Understandably, our team members grew bored of regular chaos experiments. After all, it’s something like telling your left hand to fight against your right hand. Here at IEG, we integrate a testing practice called red teaming into chaos engineering to ensure that our system resiliency improves in an organic way. Red teaming is similar to penetration testing, but more targeted. It requires a group of testers to emulate real-world attacks from an outsider’s perspective. If I were in charge of IT operations, I would simulate faults to specific services, and check to see whether my developer colleges were doing a good job. If I found any potential faults, well, be prepared for some “hard talk.” On the other hand, developers would actively perform chaos experiments and make sure no risk was left behind to avoid being blamed.

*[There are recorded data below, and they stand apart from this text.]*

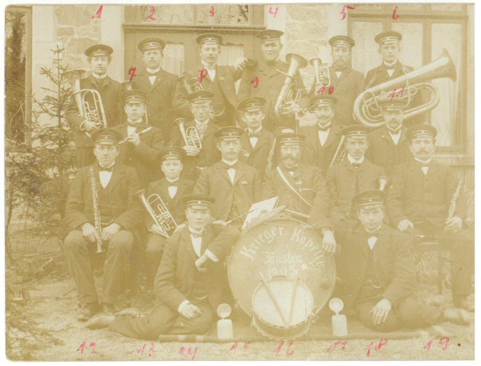 Aufschrift auf der großen Pauke "Krieger-Kapelle Wüsten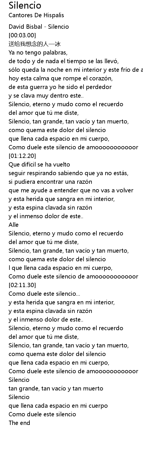 | [00:00.60] | David Bisbal - Silencio |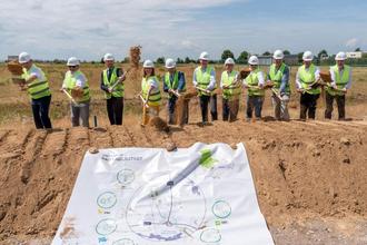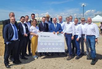 Vertreter aus Politik und Wirtschaft führen den ersten Spatenstich für den 30-MW-Großelektrolyseur durch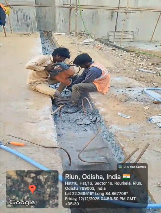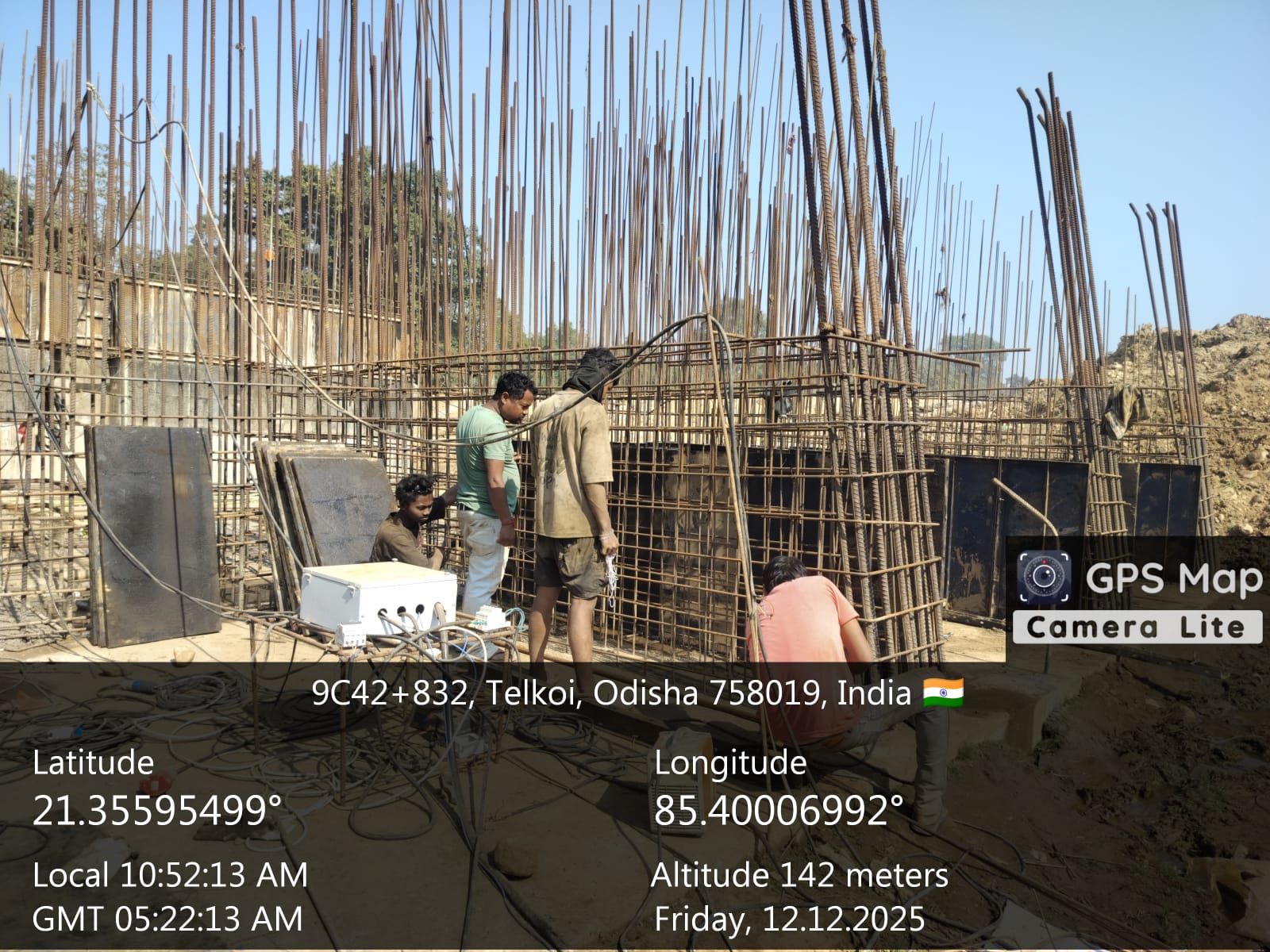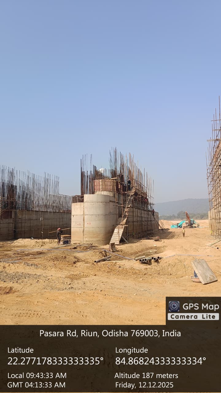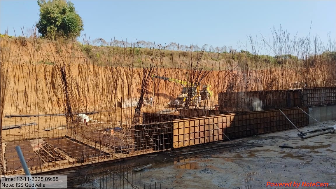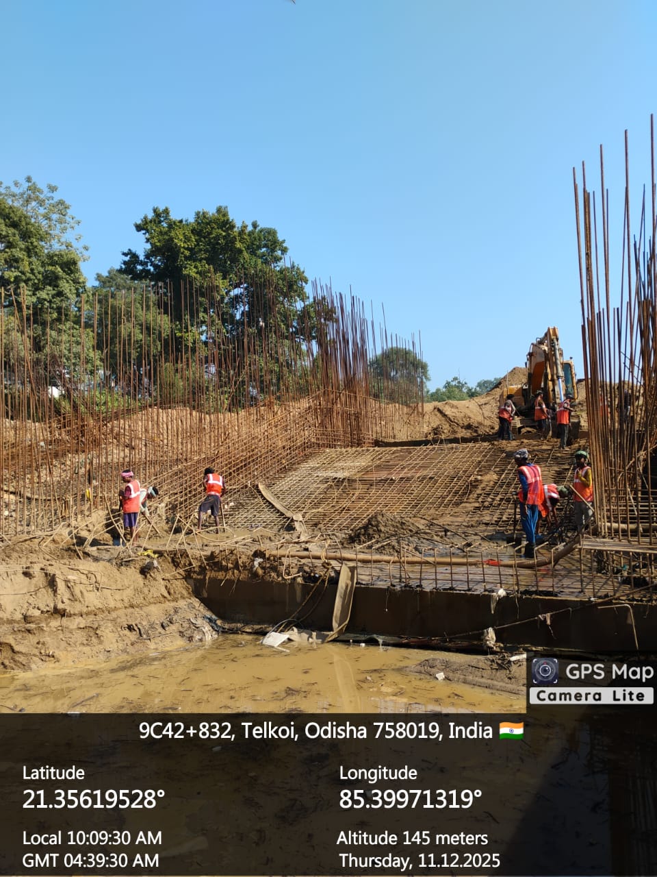 reinforcement at right side D/s wing wall including 5nos CF for 1st lift RCC is in progress on 11.12.2025

It’s important to manage dependencies for microservices. In our case, non-core services cannot be the bottleneck for core services. Fortunately, with chaos engineering, we can run dependency analysis simply by injecting faults into called services and observing how badly the main service is affected. Based on the results, we can optimize the service calling chain in a specific scenario.
We are also exploring AI bots to help us detect and diagnose faults. As services become more complex, the likelihood of failure increases. Our goal is to train a fault detection model through large-scale chaos experiments in production or other controlled environments.
Currently, on average, more than 50 people run chaos experiments each week, running more than 150 tests, and detecting more than 100 problems in total.
Gone are the days when performing fault injection requires a handwritten script, which can be a tough thing to do for those who are unfamiliar with it. The benefits of combining chaos engineering with DevOps practices are obvious: within a few minutes, you can orchestrate various fault types by simply dragging and dropping, execute them with a single click, and monitor the results in real-time—all in one platform.
Thanks to full-featured chaos engineering tools and streamlined DevOps processes, we estimate that the efficiency of fault injection and chaos-based optimization at IEG has been improved at least by 10 times in the last six months. If you were unsure about implementing chaos engineering in your business, I hope our experience can be of some help.